# TV question



## Doc (Jun 5, 2003)

This forum should be titled "Electronics" instead of just computers.

We are furnishing a rental and have a four-year old, 13" TV that is not digital -- requires a converter box and antenna (no cable). The converter boxes at Radio Shack are $50+ and Walmart doesn't carry them anymore.

I was thinking it might be better (?) to just go ahead and buy a small digital HD ready flat screen TV, if we dare get in the Black Friday crowds. I dread it, but I figure there will be pretty good deals on TVs/DVDs.

Just curious to know what the experts think (we'll still need antenna, right?).

Thanks so much.


----------



## Kung (Jan 19, 2004)

If it's for a rental it'll probably get torn apart - I'd buy the cheapest tv you can get by with. Lol


Sent from my iPhone using Tapatalk


----------



## Windy in Kansas (Jun 16, 2002)

Dollar General has the converters available for $15. Don't know the quality of them however. 

Yes, the converter box would need some form of signal feed. Even rabbit ears may work if they generally worked before. An outdoor antenna would be better. The powered indoor antenna unit with booster from Walmart does a fair job of picking up signal. At least it did at my kids house. 

Sears did carry the converter boxes if you have one nearby you might check there.


----------



## Doc (Jun 5, 2003)

Very good. I'll keep my old set and get the converter and save myself some $$. You never know what a renter can do. Been there, done that, so you're right!


----------



## Windy in Kansas (Jun 16, 2002)

Doc there are also a lot of converter boxes and used analog televisions being sold for very little on Craigslist IF you are fairly close to a city.

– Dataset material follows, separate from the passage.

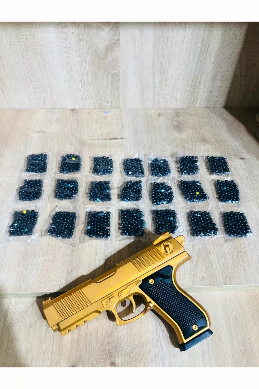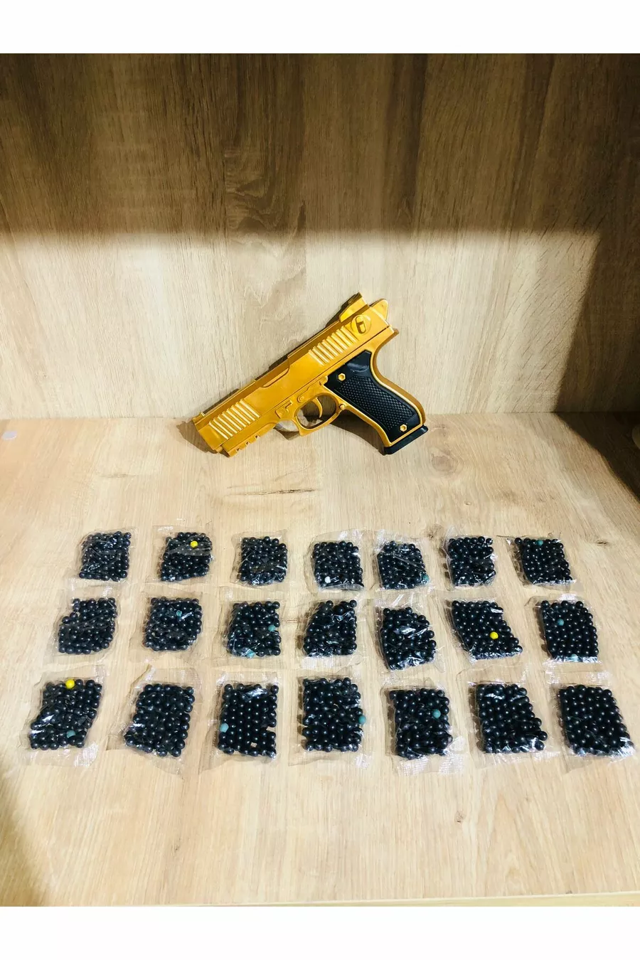 Златисто-черен и сребрист с мъниста играчечен пистолет 1 бр. + пакет мъниста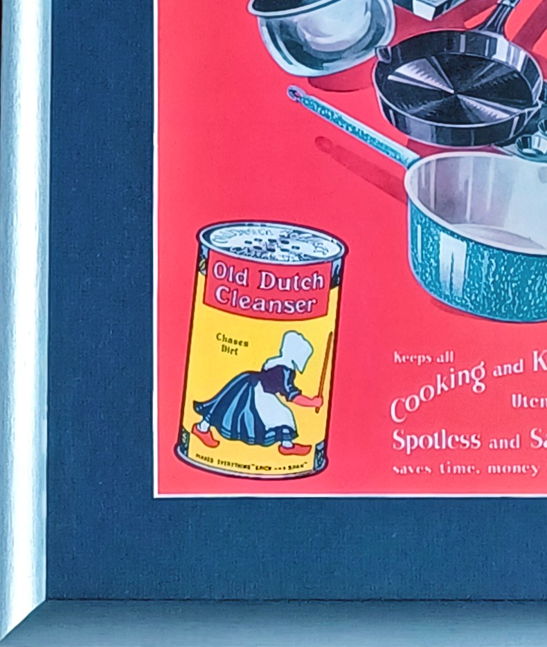 Kleurrijke afbeelding (in lijst) van een advertentie in de Ladies Home Journal van 1919: ‘Blue and White Agate Cookware Old Dutch Cleanser’.

Son in law picked up two TVs and converter boxes, paid $40 for the 27" set and $35 for the 24" if I remember correctly. I tend to remember that the 27" is a Sony.


----------



## Doc (Jun 5, 2003)

Hadn't thought about CL -- I guess I wonder if electronics work when you buy them used like that. I'll do a search, though. Thanks.


----------



## agmantoo (May 23, 2003)

Boxes last week a Circuit City were $29


----------